Loss of Muscle Mass and Vulnerability in Institutionalized Older Adults

Int. J. Environ. Res. Public Health 2023, 20(1), 426; https://doi.org/10.3390/ijerph20010426
by Mayara Priscilla Dantas Araújo 1,*, Thaiza Teixeira Xavier Nobre 2, Clara Wilma Fernandes Rosendo 3, Flávio Anselmo Silva de Lima 4, Vilani Medeiros de Araújo Nunes 5 and Gilson de Vasconcelos Torres 6,*
Reviewer 1: Anonymous
Reviewer 2:
Int. J. Environ. Res. Public Health 2023, 20(1), 426; https://doi.org/10.3390/ijerph20010426
Submission received: 21 November 2022 / Revised: 6 December 2022 / Accepted: 14 December 2022 / Published: 27 December 2022

Round 1

Reviewer 1 Report

 

We appreciate the opportunity to review this work about the association between the loss of muscle mass and vulnerability. Studies evaluating the functional abilities of older adults are fundamental to improving the well-being of this population and ensuring that older adults live more years and these years will be lived with a good quality of life.

 

  1. The authors used the Vulnerable Elders Survey (VES-13), is this tool validated for Brazilian institutionalized older adults? Please can insert the reference.

Please revise the text. 

2.      There are spell mistakes  

3.      The text lack uniformization. The authors write older people and elderly, please replace elderly with “older”

 

4   Is the sample representative?

5.      Can you explain the inclusion criteria? Have you included people with dementia?

 

6.      In the last decades, the World Health Organization has developed a set of tools to improve the well-being of older adults through the improvement of intrinsic capacities, including motor capacity. Why the authors did not use the WHO guidelines to evaluate the loss of MM?

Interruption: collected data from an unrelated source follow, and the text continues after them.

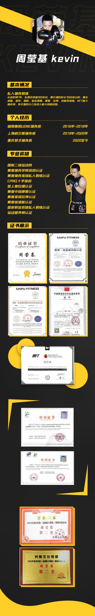 2016年从事健身行业至今,为300余名会员成功蜕变,在此过程中,我发现MFT格斗健身瘦身塑型效果更佳。2019年我完成了MFT格斗健身深造,通过专业系统的学习,再加上多年的训练经验相结合,有了自己的授课方式和风格,能够更精准的为学员提供专业的指导和训练,让更多的学员坚持并爱上健身,让健身成为一种习惯!
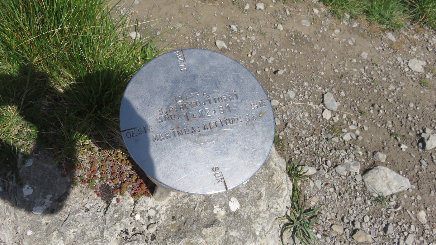 Arreta jarri behar dugu zabal honen bukaeran, pistak eskuinerantz egiten duen bihurgune bakarrean mendi-bide bat hartu behar dugulako. Ataka edo ate metaliko berde bat zeharkatu behar dugu. Ez dago galbiderik, ezinezkoa baita ate berde hori ez ikustea. Atea zeharkatuta, 20 bat metro ezkerrera egingo dugu, xenda garbi samar bat hartzeko, mendebaldera. Hari segi, gailurreraino.
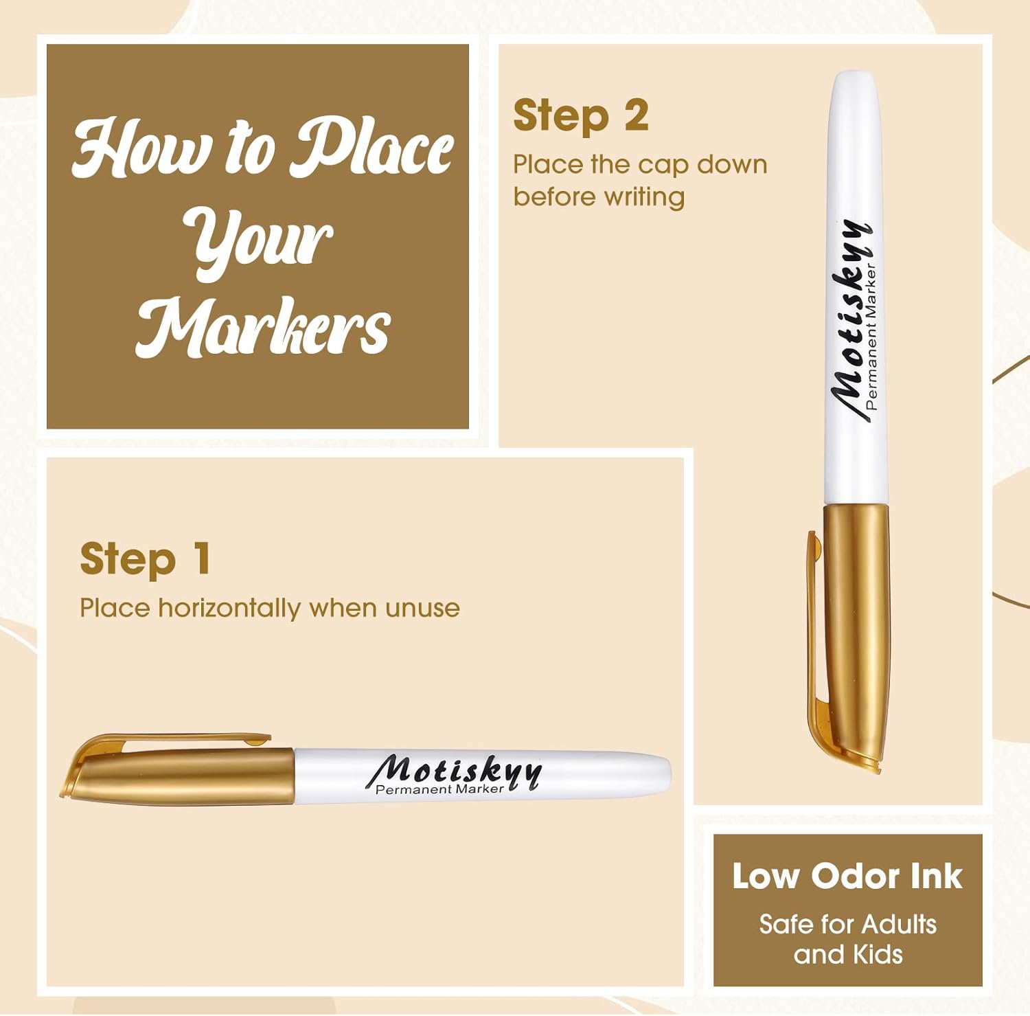 - Metallic Permanent Markers Bulk: the package includes 48 gold markers; No shaking or pumping needed to get the market started, simply uncap and write; Please cover the cap when not use, can prevent the ink from drying

7.      Vulnerability is associated with other intrinsic capacities and functional abilities such as psychological capacity, vitality, visual capacity, and hearing capacity, number of diseases….

Have you associated the number of medicines used by older adults or the number and type of diseases of older adults with the loss of muscle mass?

 

8.      The authors concluded:  Loss of MM is associated with disability in institutionalized older people.

In my opinion, the authors should explore if the increased vulnerability caused by several factors ignored in this study (such presence or absence of disease, and polypharmacy) did not influence the results reported.

 

 

Author Response

Please see the attachment.

Author Response File: Author Response.docx

Reviewer 2 Report

Line 38 replace  "health of the r adults" with "health of older adults". 

line 58 replace "were" with "was" 

Line 62 replace "were" with "was"

Line 85 restriction sums- replace with some restrictions.

In table 1: race should be in the 3rd row and not the word as depicted. replace widower with widowed because they can be male or female. Lifestyle habits instead of life habits as a variable. 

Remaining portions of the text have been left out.